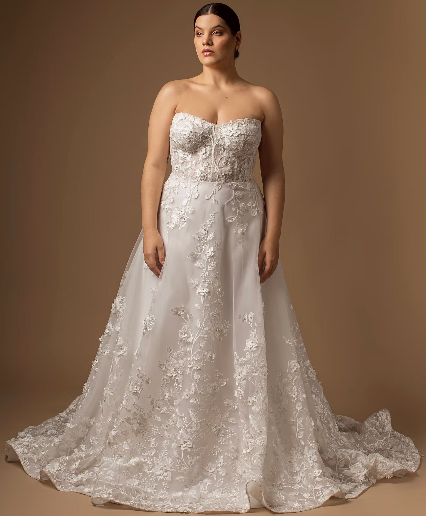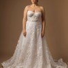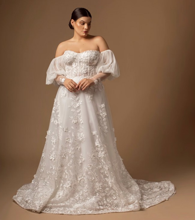 This Victoria wedding dress from Adriana Madrid Bridal is a breathtaking portrayal of elegance and romance. With its A-line silhouette and sweetheart neckline, this dress gracefully flatters the figure, ensuring you look and feel your best on your special day. The intricate embroidery combined with exquisite 3D flowers and delicate beading creates a stunning visual effect, making you the centerpiece of every moment.
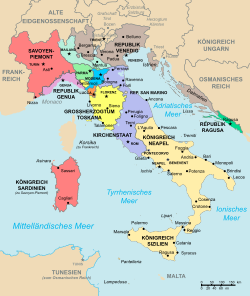 - ↑ Rudolf Lill: Geschichte Italiens vom 16. Jahrhundert bis zu den Anfängen des Faschismus. Wissenschaftliche Buchgesellschaft, Darmstadt 1980, S. 80.
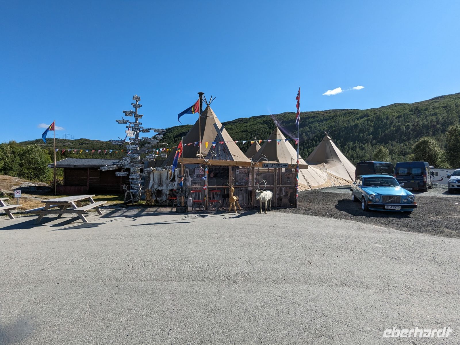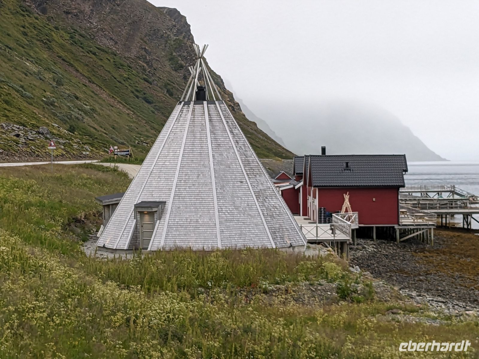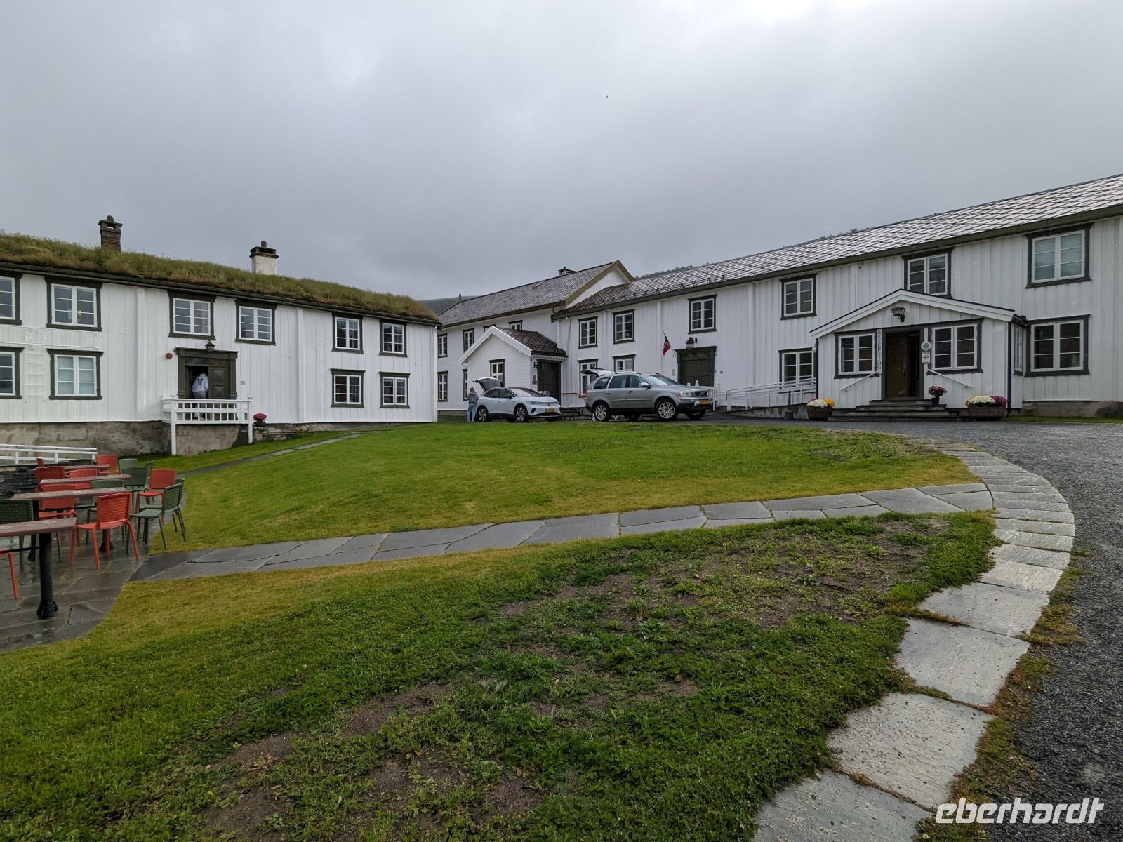 Bei unserer weiteren Fahrt folgten wir weitgehend den Fjordufern, und da die Küstenlinie Norwegens malerisch, aber sehr lang ist, dauerte das einige Zeit. Einen Nachmittagsstopp legten wir am originellen Gästehaus „Gildetun“ ein, das in typisch arktisch-samischer Manier als Restaurant mit umliegenden Blockhütten zum Wohnen eingerichtet ist und spektakuläre Ausblicke auf Fjorde und Berge bietet.
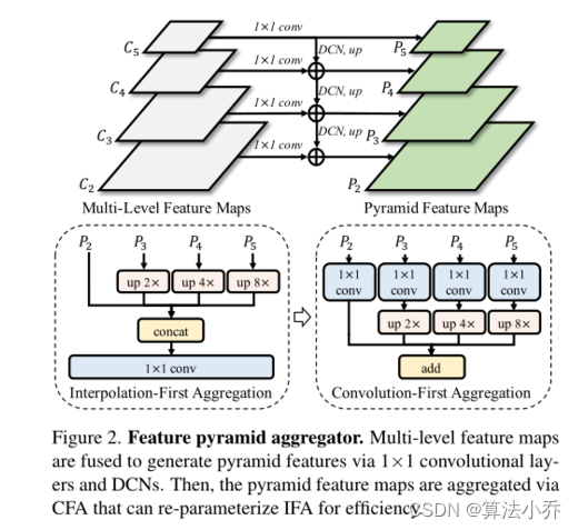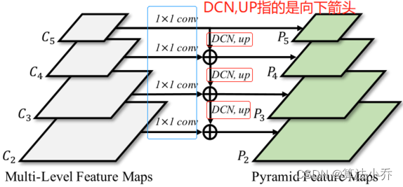 对于C2到C5,首先采用1x1的卷积对多级特征图进行通道压缩,然后C3到C5分别进行DCN和upsample操作,从上到下的特征融合,分别得到P5、P4、P3、P2.
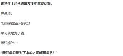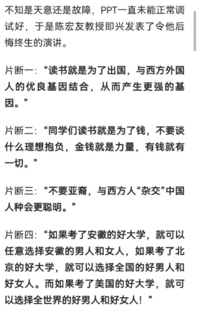 陈宏友在庐江中学的演讲成为了他人生的滑铁卢,那么他究竟讲了一些什么,让庐江中学的师生如此愤怒呢?知情人士爆出了陈叫兽当时的部分演讲内容。
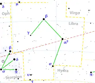- υ Librae è una stella arancione di magnitudine 3,60, distante 224 anni luce.
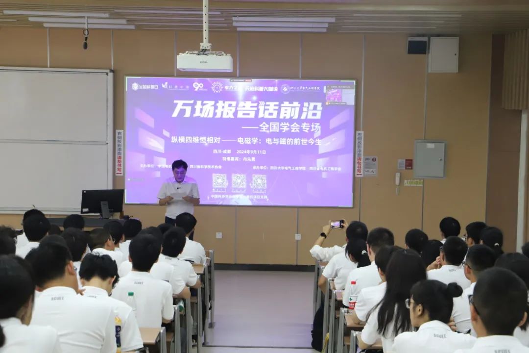 院长肖先勇教授受邀作题为“纵横四维恒相对——电磁学:电与磁的前世今生”科普报告。四川大学、西南石油大学、西华大学、西南民族大学等高校1000余名电气专业大学新生和4000余名电力科技爱好者线上线下聆听了讲座。
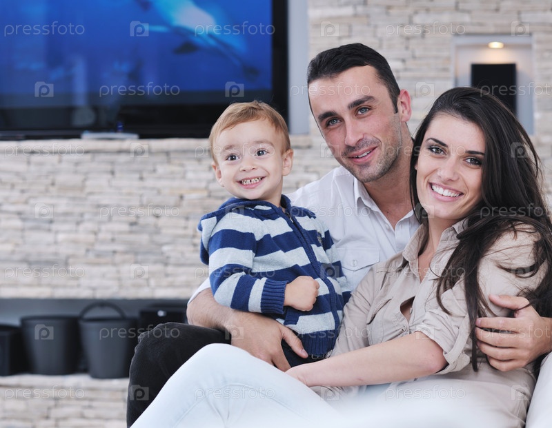 Счастливая молодая семья отдыхает в новой квартире с современным телевизором
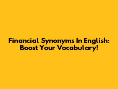 Financial Synonyms In English: Boost Your Vocabulary!
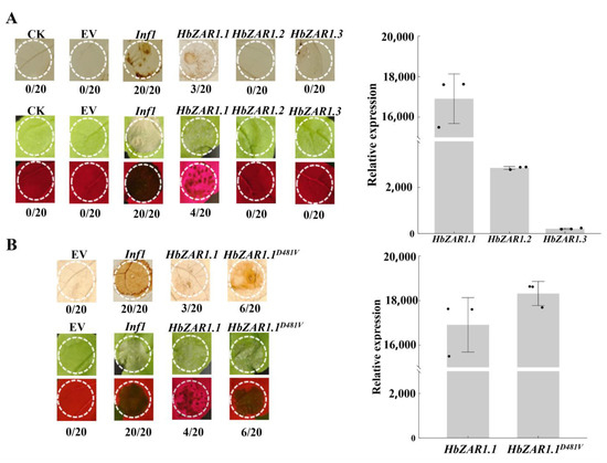 The HbZAR1 gene ROS Burst and Cell Death. (A) Phenotype of CK, EV (Empty vector), Inf1 (Positive control), HbZAR1.1, HbZAR1.2 and HbZAR1.3 triggered ROS and cell death in N. benthamiana. The three HbZAR1 genes do not induce stable ROS and cell death. (B) Phenotype of EV, Inf1, HbZAR1.1 and HbZAR1.1D481V (Activate mutant) triggered ROS and cell death in N. benthamiana. HbZAR1.1 and HbZAR1.1D481V do not trigger stable ROS and cell death phenotypes. Indicated genes were transiently expressed in N. benthamiana leaves via agroinfiltration. ROS- and cell-death-representative leaves were photographed 2 d and 3 d post-agroinfiltration. CK is the blank control, EV is the empty vector, and Inf1 is the positive control. The number of leaves showing the phenotypes (numerator) and that of total surveyed leaves (denominator) were indicated by numbers at the bottom. The relative expression level of the gene was validated by RT-QPCR after agrobacterium infiltration, with EV treatment as the control. The black dot represents different experimental replicates.
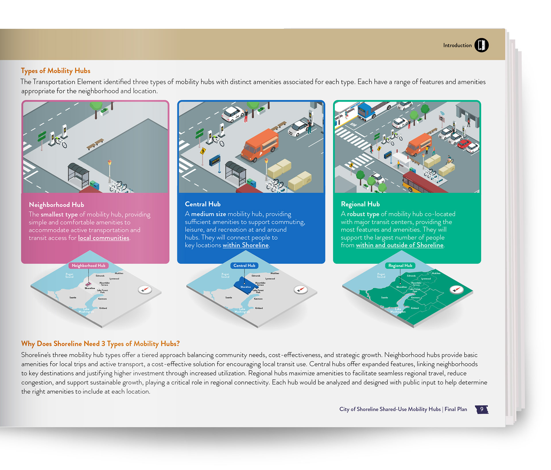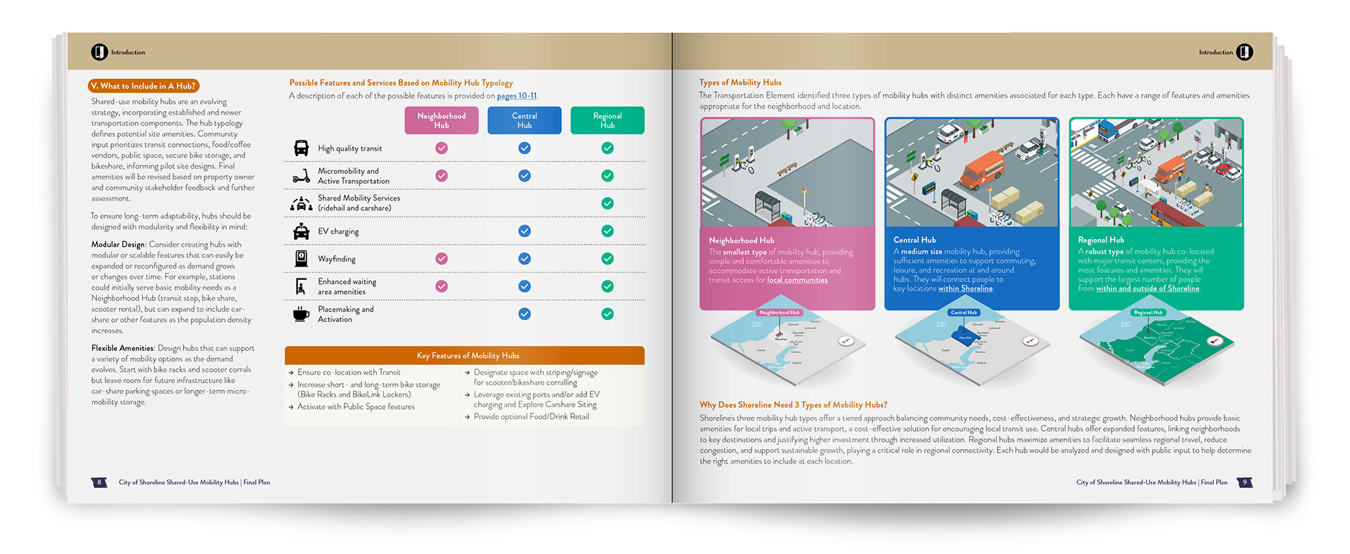 A key part of the plan was visually representing three types of shared-use mobility hubs: Neighborhood, Central, and Regional. Each hub type is tailored to different community needs, from local access to regional connectivity, helping planners apply the right level of investment and infrastructure. I used color-coded text, illustrations, and maps to show how each type is tailored to different parts of the community:

----------

Brief
With the pictures dropped, give every entry above again exactly.

Task result
 This Victoria wedding dress from Adriana Madrid Bridal is a breathtaking portrayal of elegance and romance. With its A-line silhouette and sweetheart neckline, this dress gracefully flatters the figure, ensuring you look and feel your best on your special day. The intricate embroidery combined with exquisite 3D flowers and delicate beading creates a stunning visual effect, making you the centerpiece of every moment.
 - ↑ Rudolf Lill: Geschichte Italiens vom 16. Jahrhundert bis zu den Anfängen des Faschismus. Wissenschaftliche Buchgesellschaft, Darmstadt 1980, S. 80.
 Bei unserer weiteren Fahrt folgten wir weitgehend den Fjordufern, und da die Küstenlinie Norwegens malerisch, aber sehr lang ist, dauerte das einige Zeit. Einen Nachmittagsstopp legten wir am originellen Gästehaus „Gildetun“ ein, das in typisch arktisch-samischer Manier als Restaurant mit umliegenden Blockhütten zum Wohnen eingerichtet ist und spektakuläre Ausblicke auf Fjorde und Berge bietet.
 对于C2到C5,首先采用1x1的卷积对多级特征图进行通道压缩,然后C3到C5分别进行DCN和upsample操作,从上到下的特征融合,分别得到P5、P4、P3、P2.
 陈宏友在庐江中学的演讲成为了他人生的滑铁卢,那么他究竟讲了一些什么,让庐江中学的师生如此愤怒呢?知情人士爆出了陈叫兽当时的部分演讲内容。
- υ Librae è una stella arancione di magnitudine 3,60, distante 224 anni luce.
 院长肖先勇教授受邀作题为“纵横四维恒相对——电磁学:电与磁的前世今生”科普报告。四川大学、西南石油大学、西华大学、西南民族大学等高校1000余名电气专业大学新生和4000余名电力科技爱好者线上线下聆听了讲座。
 Счастливая молодая семья отдыхает в новой квартире с современным телевизором
 Financial Synonyms In English: Boost Your Vocabulary!
 The HbZAR1 gene ROS Burst and Cell Death. (A) Phenotype of CK, EV (Empty vector), Inf1 (Positive control), HbZAR1.1, HbZAR1.2 and HbZAR1.3 triggered ROS and cell death in N. benthamiana. The three HbZAR1 genes do not induce stable ROS and cell death. (B) Phenotype of EV, Inf1, HbZAR1.1 and HbZAR1.1D481V (Activate mutant) triggered ROS and cell death in N. benthamiana. HbZAR1.1 and HbZAR1.1D481V do not trigger stable ROS and cell death phenotypes. Indicated genes were transiently expressed in N. benthamiana leaves via agroinfiltration. ROS- and cell-death-representative leaves were photographed 2 d and 3 d post-agroinfiltration. CK is the blank control, EV is the empty vector, and Inf1 is the positive control. The number of leaves showing the phenotypes (numerator) and that of total surveyed leaves (denominator) were indicated by numbers at the bottom. The relative expression level of the gene was validated by RT-QPCR after agrobacterium infiltration, with EV treatment as the control. The black dot represents different experimental replicates.
 A key part of the plan was visually representing three types of shared-use mobility hubs: Neighborhood, Central, and Regional. Each hub type is tailored to different community needs, from local access to regional connectivity, helping planners apply the right level of investment and infrastructure. I used color-coded text, illustrations, and maps to show how each type is tailored to different parts of the community:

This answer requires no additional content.